* _EXERCISE DETAILS_: A faithful, word-for-word copy of the data below is required, without pictures.

* _COLLECTED MATERIAL_:
◇ ◇ ◇ ◇
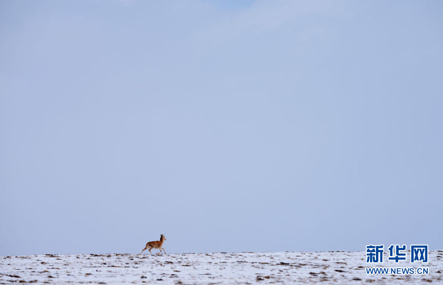 4月20日,一只藏羚羊向卓乃湖方向行進(jìn)。新華社記者 吳剛 攝
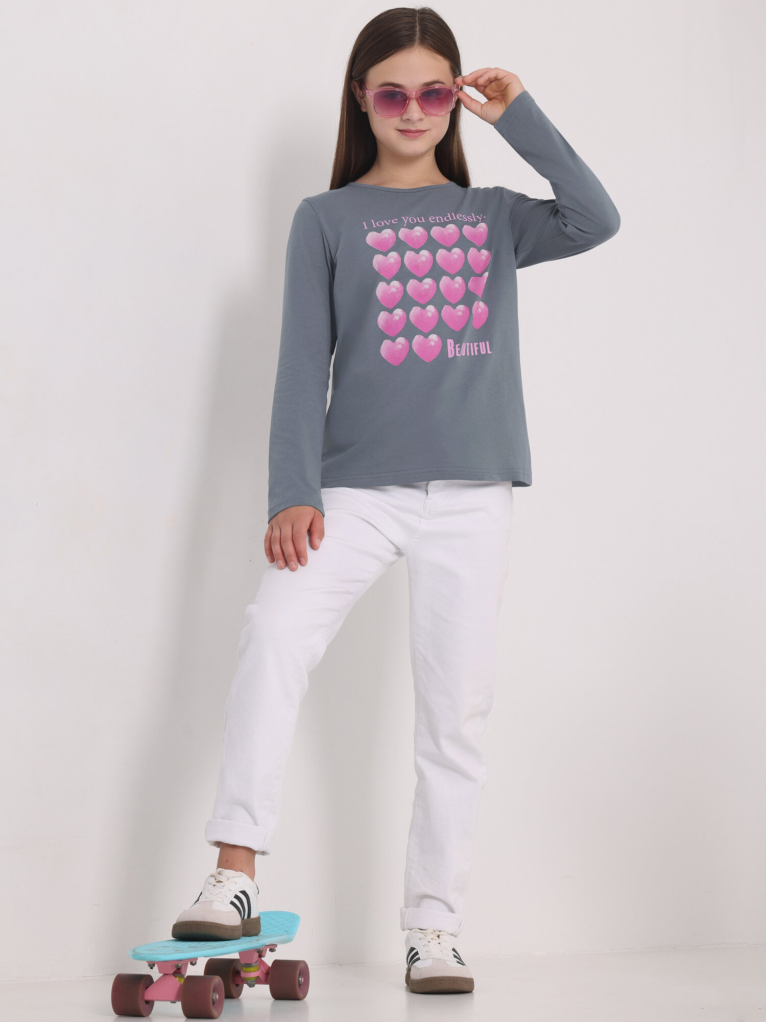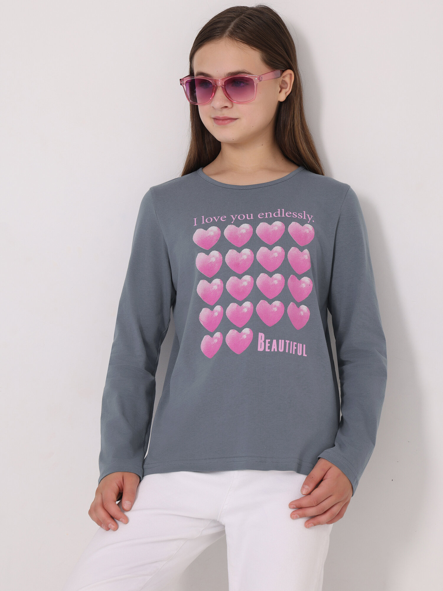 Лонгслив для девочки подростка с принтом хлопок 100% Апрель 1ДДЛД4192001/1119/2341/*/3488/*/*/* серый 80-152 информация:
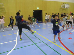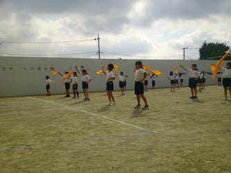 4年生は、難易度の高いステップや動きを取り入れたダンスに挑戦しました。初めは「難しい。」と言う声が多かったこどもたちですが、練習を重ねるにつれ自信をつけることができました。ところどころに掛け声を入れることも皆で考えました。児童鑑賞日には生き生きとした表情で表現することができました。
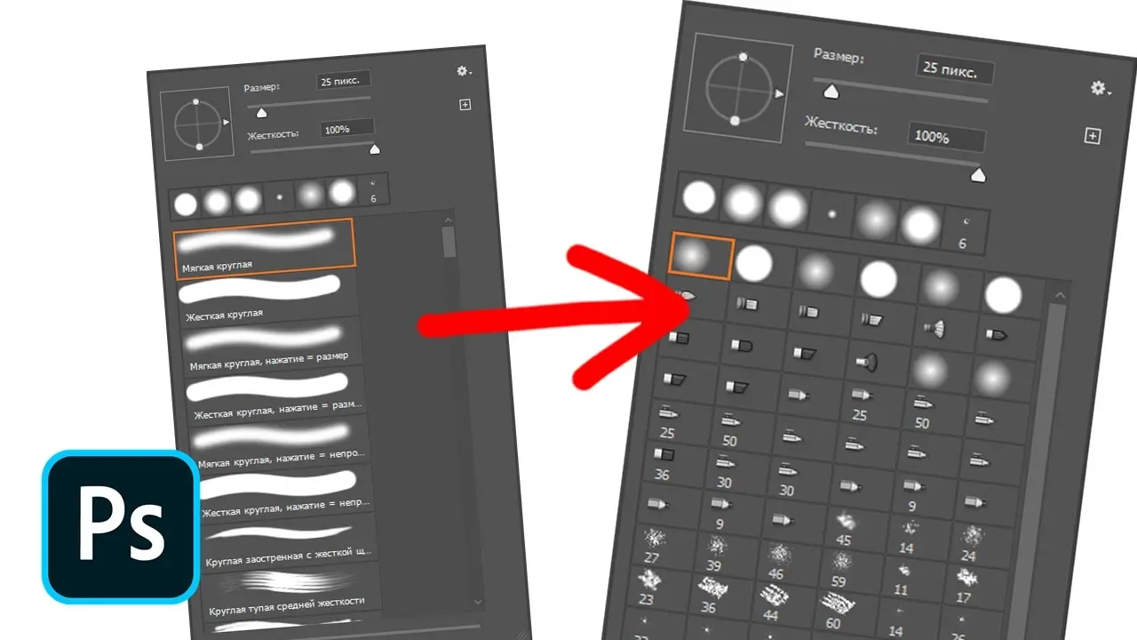 В этом видео я покажу как изменить миниатюры кисти в фотошопе 2020. Простой урок для начинающих о том как вернуть старое отображение миниатюры кисти в новом фотошопе 2020. Я использую Adobe Photoshop 2020 Картинка: https://drive.google.com/open?id=1qcOTdiJOtw5muWsIlwClJyALmrXZ9I4I
◇ ◇ ◇ ◇
* _SOLUTION TO THIS PROBLEM_:
 4月20日,一只藏羚羊向卓乃湖方向行進(jìn)。新華社記者 吳剛 攝
 Лонгслив для девочки подростка с принтом хлопок 100% Апрель 1ДДЛД4192001/1119/2341/*/3488/*/*/* серый 80-152 информация:
 4年生は、難易度の高いステップや動きを取り入れたダンスに挑戦しました。初めは「難しい。」と言う声が多かったこどもたちですが、練習を重ねるにつれ自信をつけることができました。ところどころに掛け声を入れることも皆で考えました。児童鑑賞日には生き生きとした表情で表現することができました。
 В этом видео я покажу как изменить миниатюры кисти в фотошопе 2020. Простой урок для начинающих о том как вернуть старое отображение миниатюры кисти в новом фотошопе 2020. Я использую Adobe Photoshop 2020 Картинка: https://drive.google.com/open?id=1qcOTdiJOtw5muWsIlwClJyALmrXZ9I4I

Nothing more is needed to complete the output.